Primary Function: This level is responsible for following procedures that do the tasks required to produce your product.  This is front line employees. You want them to all do your tasks in accordance with established and audited standards.


Note: These people will comply with your standards if two criteria are met: 1) They know them and 2) They think someone cares. You must audit their knowledge in order to determine whether they know them and to show them that you care.


The last critical component to make a hierarchy work: "Shared Accountability".


  • In a shared accountability system, we hold leaders accountable for the behavior and performance of their people. There is plenty of research to support this activity. 

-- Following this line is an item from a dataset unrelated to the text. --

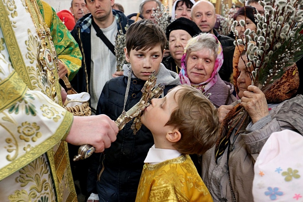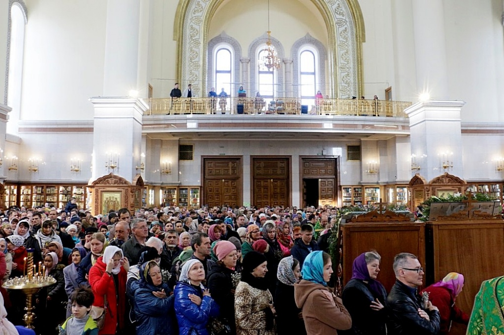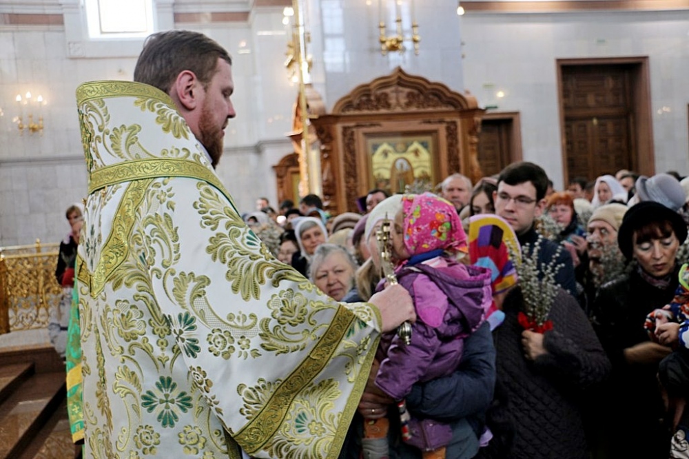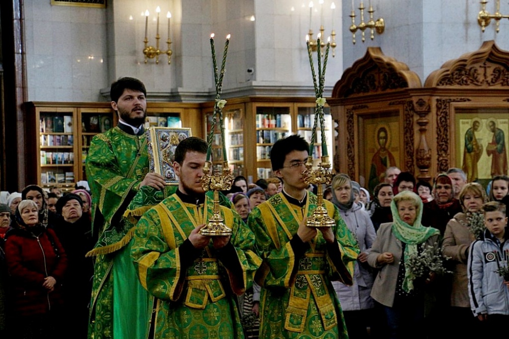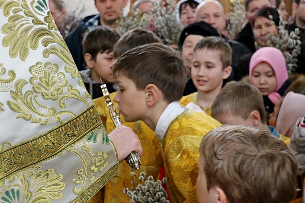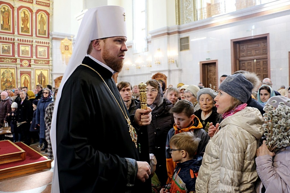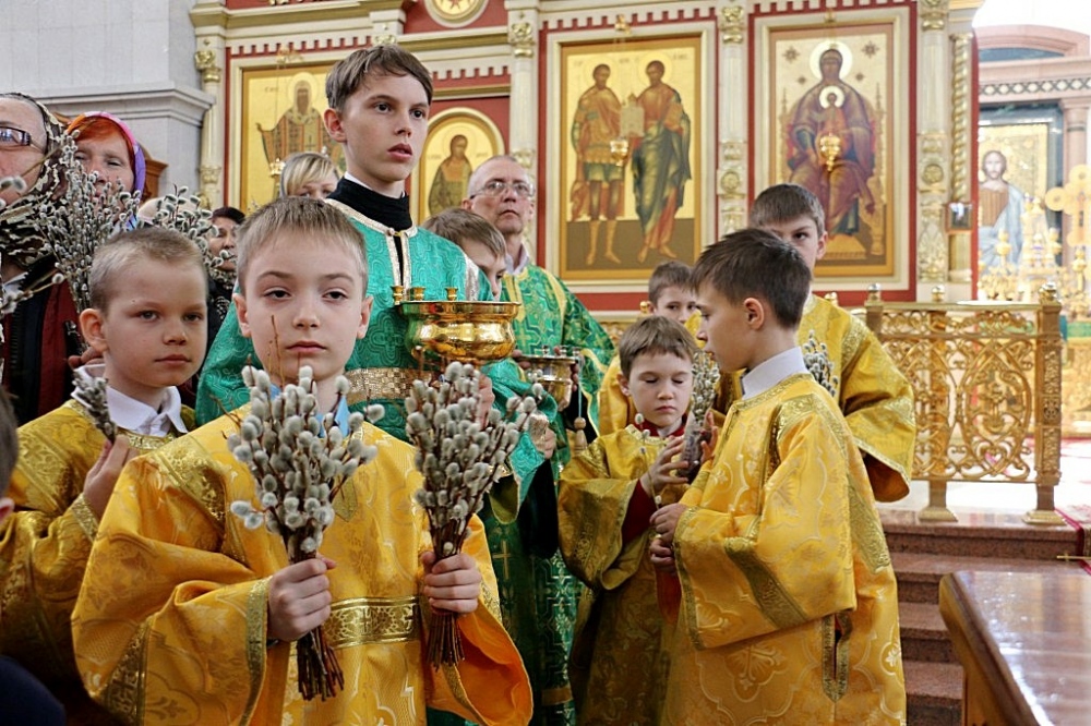 Божественная литургия в праздник Входа Господня в Иерусалим в Спасо-Преображенском кафедральном соборе 09 апреля 2017 г.

    • Example: Suppose an operator on night shift makes bad product because he is not following procedure. The site director would be justified in writing-up or verbally correcting the manager for failing to ensure procedures are being followed. The manager would be justified in writing-up/verbally correcting the supervisor for failing to ensure the processes are being followed. 

  • The leaders NEED to be reprimanded when subordinates don't follow procedures. It's never a "one-off". Procedural adherence is THE critical deliverable of the tactical level. This system will actually make the leader's jobs easier because it'll be clear to everyone WHY the leaders need them to comply with standards.

  • Shared Accountability structures outperform organizations that deliver single point accountability by every measurable metric. 

  • A site director should ONLY hold accountable the managers. The managers are responsible to the site director for all operational, tactical, and technical performance. 

  • A manager should ONLY hold accountable the supervisors. The supervisors are responsible to the manager for all tactical and technical performance.

  • A supervisor should have relationships with subordinates which are professional in nature and accountability is part of that relationship. When the behavior of an operator gets a supervisor in trouble, the operator will perceive a debt to that supervisor and will be more likely to invest in the change required. That debt empowers the supervisor.